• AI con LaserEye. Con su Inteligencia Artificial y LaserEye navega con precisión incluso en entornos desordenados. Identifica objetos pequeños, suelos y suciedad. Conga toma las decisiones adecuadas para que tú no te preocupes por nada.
=-=-=-=-=
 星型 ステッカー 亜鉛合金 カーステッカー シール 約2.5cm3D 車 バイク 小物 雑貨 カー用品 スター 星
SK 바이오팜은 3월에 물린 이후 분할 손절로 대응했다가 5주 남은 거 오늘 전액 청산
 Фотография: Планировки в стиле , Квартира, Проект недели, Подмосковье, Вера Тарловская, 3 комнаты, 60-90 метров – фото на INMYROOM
=-=-=-=-=
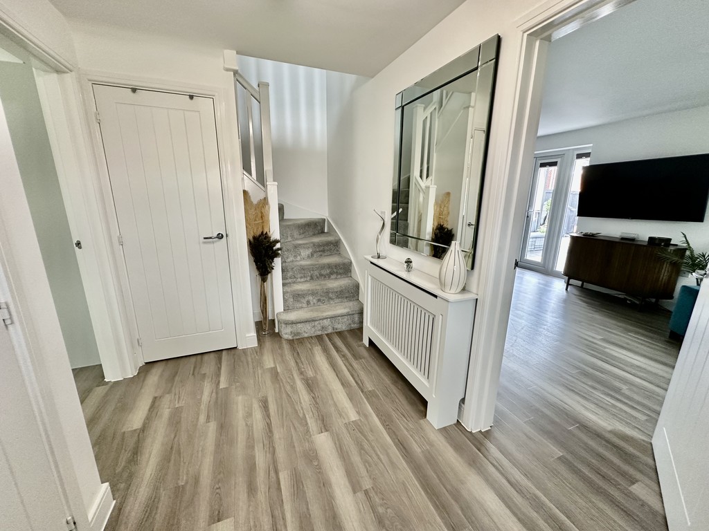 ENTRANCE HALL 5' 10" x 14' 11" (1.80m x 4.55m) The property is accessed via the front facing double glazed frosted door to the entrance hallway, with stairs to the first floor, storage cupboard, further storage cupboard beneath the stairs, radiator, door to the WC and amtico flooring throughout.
=-=-=-=-=
*WHAT YOU WILL DO*: Using the data above, reproduce exactly the lines between those holding "星型 ステッカー 亜鉛合金" and "Фотография: Планировки в", inclusive, and no others.

*OUTPUT BELOW*:
 星型 ステッカー 亜鉛合金 カーステッカー シール 約2.5cm3D 車 バイク 小物 雑貨 カー用品 スター 星
SK 바이오팜은 3월에 물린 이후 분할 손절로 대응했다가 5주 남은 거 오늘 전액 청산
 Фотография: Планировки в стиле , Квартира, Проект недели, Подмосковье, Вера Тарловская, 3 комнаты, 60-90 метров – фото на INMYROOM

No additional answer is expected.